Dr. Ronholm obtained her BSc in Microbiology from the University of Waterloo in 2007 and her Doctoral degree in Microbiology and Immunology from the University of Ottawa in 2013. She completed post-doctoral training at McGill University and at Health Canada. She was hired as an Assistant Professor in the Faculty of Agricultural and Environmental Sciences in 2017. She is a World Economic Forum Young Scientist and William Dawson Scholar. In 2020 she won her Faculty’s award for teaching excellence. Her research interests including trying to understand the role that the composition of the microbiome plays in determining susceptibility of individuals (both humans and farm animals) to bacterial infections.

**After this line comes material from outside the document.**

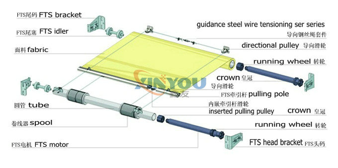 FTS天棚簾特別適用于普通電動卷簾無法安裝的彎曲、傾斜的場合,整個系統(tǒng)由驅動系統(tǒng)、面料和控制系統(tǒng)三部分組成,驅動系統(tǒng)采用2FTS專用管狀電機,分別安裝在兩條卷管中,面料一端固定在其中一條卷管上,固定面料另一端的鋼絲繩卷曲在另一條卷管的卷繩器上。這兩臺電機通過一個專用的控制器協(xié)調(diào)工作,其中一臺電機提供面料運行的動力,另一臺電機的剎車同時工作,提供一定的阻力拖住面料,避免面料下墜,天棚完全打開后,面料會卷在其中一條卷管上,運行中或停止時面料均有張力,可制作大面積的平面或弧形面的天棚簾系統(tǒng)。

The role of Genomics in Reducing the Need for Antibiotic Use in Milk Production

Bovine mastitis is a complex disease that is usually caused by a bacterial infection involving one of many possible pathogens. Mastitis infections cost the Canadian dairy industry about $665 million annually and result in the use of large volumes of antibiotics. However, increasing prevalence of antimicrobial resistant human infections have led to the use of antibiotics in agriculture being viewed as controversial and unsustainable. Creative use of genomic techniques may be the basis for novel prophylactics and therapeutics to reduce the need for antibiotic use in dairy farming. To investigate if the composition of the microbiome plays a role in mastitis susceptibility in dairy cattle, we collected milk samples from 698 dairy cows in Quebec once every two weeks for over a year. We used 16S rRNA targeted amplicon sequencing (TAS), whole genome sequencing (WGS), and metagenomic sequencing (MS) to compare the microbiome between cows that did and did not develop mastitis during our study period. We found that the presence of Non-Aureus Staphylococci (NAS) and Aerococcus urinaeequi in the microbiome had a protective effect against Staphylococcus aureus mastitis, and the presence of Escherichia spp., Glutamicibacter spp., Acinetobacter spp., NAS, and Aerococcus spp. each had a protective effect against both Escherichia coli and Klebsiella pneumoniae mastitis. These discoveries are being further investigated to elucidate the mechanism and develop possible probiotic strategies to negate the use of antibiotics in dairy farming.